As we headed towards the bus stop,  we saw the rear of a Wright Kite disappear towards town on the 26, so we thought about taking the 25 the long way round, only to discover that we’d missed one of those too!

Fortunately,  whilst waiting for the next 26,  a green Yutong, 855, leased to the third main operator in Leicester,  Centrebus,  appeared on the hourly Orbit, the recently renamed 40 Circular around the edges of Leicester.  This isn’t the old Outer Circle that 122 was once used on but the Outer Link, created as a joint Midland Fox/Leicester Citybus service in 1984, with the Outer Circle being renamed Inner Link at the same time.

Deregulation would see the Inner Link rerouted away from the low bridge and converted to double decker operation (as LCB had then just got rid of it’s last single decker buses, though retained coaches) though it would later convert to minibus operation before Citybus deregistered the route and it passed to various independents,  ultimately Centrebus before it’s withdrawal some years back. The Outer Link, meanwhile,  would pass on tender to Leicester Citybus, who ran the route with empty double deckers before minibuses took over  and ultimately passing to independents,  eventually Centrebus, who continue to operate the rebranded service with the electric Yotongs. Judging by the lack of people on 855, the route still seems quiet, meaning there’s little justification for Leicester Mayor Peter Soulsby’s stated aim of increasing the route to every fifteen minutes!
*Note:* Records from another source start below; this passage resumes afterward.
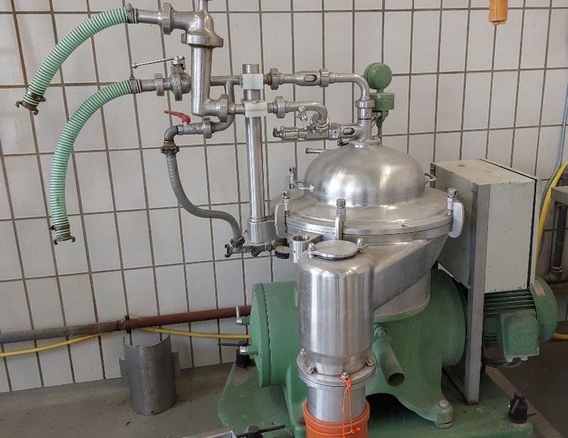 Verkaufe wegen Betriebsaufgabe Zentrifuge für Saft oder Ähnliches, Leistung ca. 2.000-3.500 l, voll funktionstüchtig, gebrauchter guter Zustand. Selbstentleerung. Pr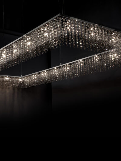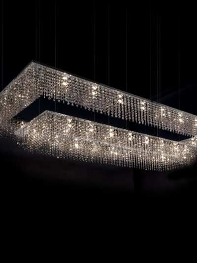 A lovely circular ceiling light from the "Rio" collection, handmade in Hungary. The unique design of this light, including a circle that becomes thicker on one side, makes this light so special. The stainless steel frame is adorned with crystals that create a beautiful and harmonious light. An elegant and beautiful light! We offer a range of lighting from the "Rio" collection. Please contact for more details. SizeDiameter: 140 cm Lightbulbs: 16 bulbs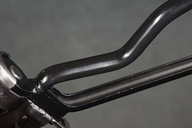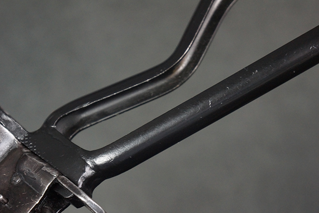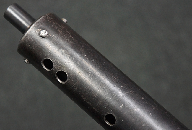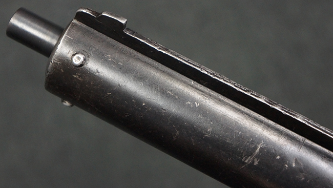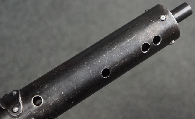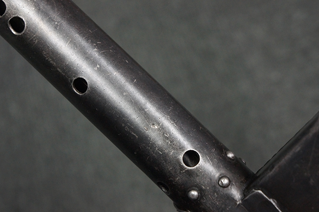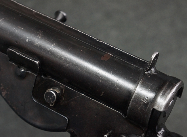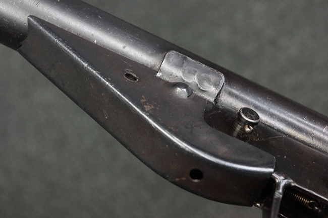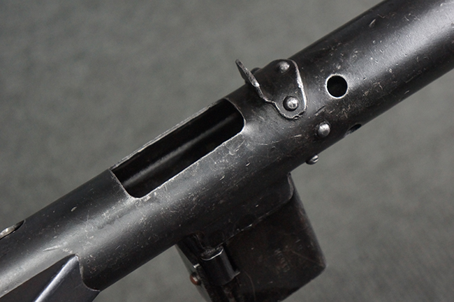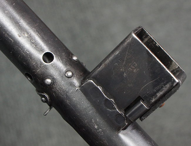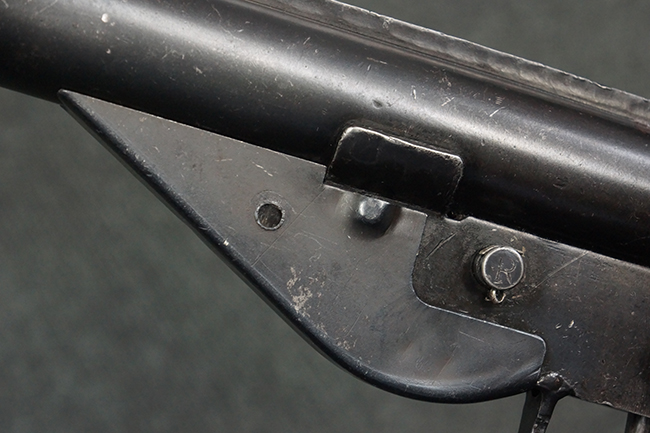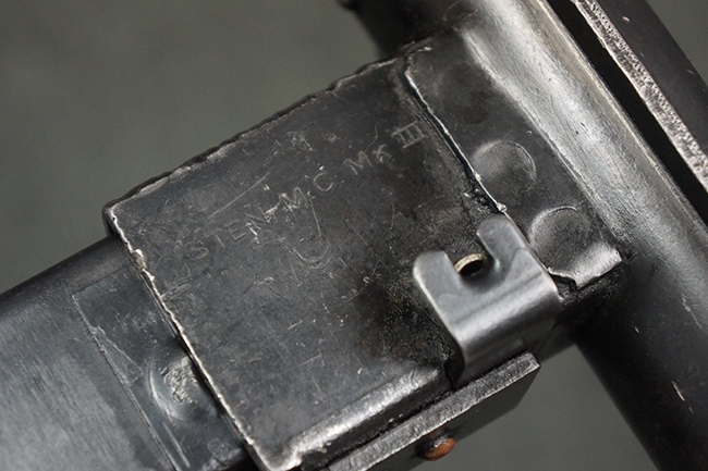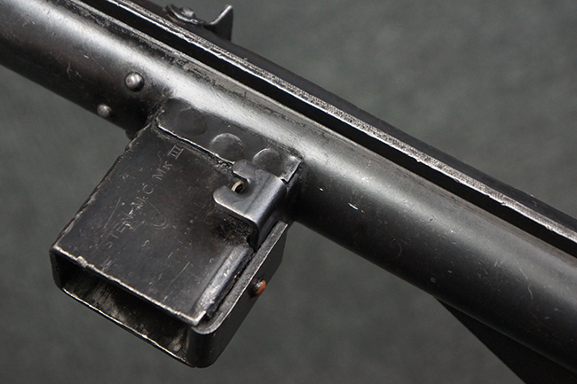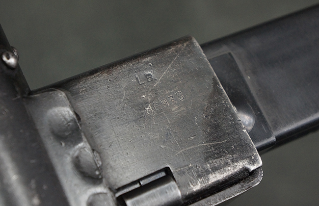 本品のマガジン・ハウジング上面には「STEN. M. C. MK III」のモデル名刻印が入っており、マガジン・ハウジング下面にはシリアルNo.86938に加えて、ラインズ・ブラザーズ社を示す「L. B.」のメーカー刻印が確認出来ます。 ストックはループ・タイプが取り付けられています。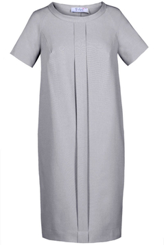 Sukienka, wykonana z lnu z domieszką poliestru, zapewnia oddychanie ciału, przewiewność i będzie fantastyczna na upalny czas. Nie będzie się też gniotła, dzięki czemu zapewni nieskazitelny wygląd przez cały dzień. Krój minimalistyczny, zbliżony do ołówkowego, długość przed kolano, krótki rękaw, dekolt w łódkę – całość jednak została uzupełniona o plisę, która przechodzi pionowo przez środek sukienki. Podkreśla linię biustu, brzucha, aż do kolan, czyniąc sukienkę wyrafinowaną. Subtelny akcent skupia uwagę, dzięki czemu drobne mankamenty figury schodzą na drugi plan. Zestawienie sukienki z sandałkami na obcasie pozwoli uzyskać oszałamiający efekt, nie sposób nie zwrócić wówczas na siebie uwagi.

855 took us to Melton Road, where more frequent services run into the City Centre,  namely Arriva’s 5, 5A & 6 and First’s 4, which came first in the form of Wright Kite  63543, which took us smoothly into the City Centre,  from where we caught another Centrebus Yutong, this time 842, one of the short, dual door examples used on the free City Centre Hop service, which took us the short distance to the Highcross shopping centre,  where Lynn had noted that there was a branch of the Slim Chicken restaurant,  which we’ve become recently fond of.
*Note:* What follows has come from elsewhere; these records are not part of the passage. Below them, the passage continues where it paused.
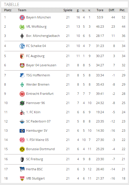 Если бы чемпионат заканчивался сегодня, то в Лигу Чемпионов попадали – «Бавария», «Вольфсбург» и «Боруссия» М; квалификация Лиги Чемпионов – «Шальке». Лига Европы – «Аугсбург» и «Байер».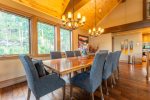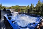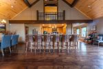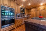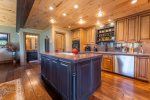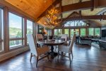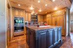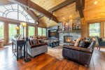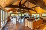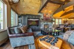 Upstairs the home opens up to the stunning great room. At the heart of the home is the gourmet kitchen,which is perfect for those large family meals. With an open floor plan and vaulted ceilings with handcrafted beams, everyone can be a part of the action. Whether sinking into the custom cowhide lounging chairs, or gathered around the massive rock fireplace, stories are bound to be told and memories made. The dining area will accommodate everyone at the handcrafted table constructed out of a massive cross section of a tree. Step out onto the wrap around porch and grill the perfect steak on the large gas grill. Lounge or dine outside while taking in the expansive views from almost every angle. At night, relax in the new, over sized hot tub and enjoy the endless stars. Back inside on this level there is another junior suite with King bed and en-suite bathroom.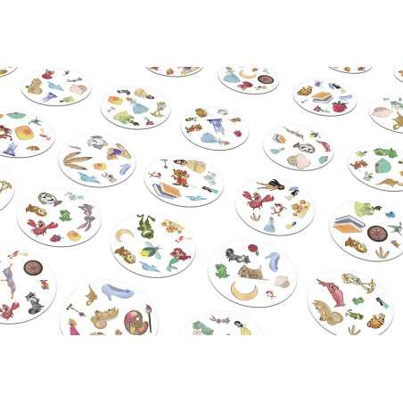Spójrz na pierwszą kartę, którą trzymasz w ręku oraz na tę, która leży na środku stołu. Znajdź na nich wspólny symbol, nazwij go i szybko pozbądź się swojej karty. Teraz następna! Tylko nie zwątp, dwie dowolne karty zawsze łączy jeden wspólny obrazek.

After tea, we walked through the shopping centre,  back to Haymarket, where the next bus to the station was 8006, one of Arriva’s new Wright Electroliner double deckers,  which took us smoothly to the station,  from where we had a pleasant evening journey on 170 639 back to Birmingham,  then catching a packed West Midlands Metro car 39 home, tired but happy after a lovely day enjoying the yesteryear of East Midlands Transport, then getting home and relaxing in front of “Doctor Who!”
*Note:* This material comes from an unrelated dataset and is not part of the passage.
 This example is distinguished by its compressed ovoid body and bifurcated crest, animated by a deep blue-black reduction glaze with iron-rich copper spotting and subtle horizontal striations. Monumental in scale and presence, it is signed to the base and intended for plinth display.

One thought on “Great Central Railway Heritage Bus & Railcar Rally-18/5/24

  1. Hi Mark. You seem to suggest that class 101s would have been on Lapworth-Wellington services from the beginning. Not so; until 1967 the former WR and LMR lines had entirley separate DMU fleets, and the services through Snow Hill would have been class 116s. From March 1967, when the GW mainline was run down, this allc ahnged and Met Camms on services to Leamington, Stourbridge Junstion etc would have been normal.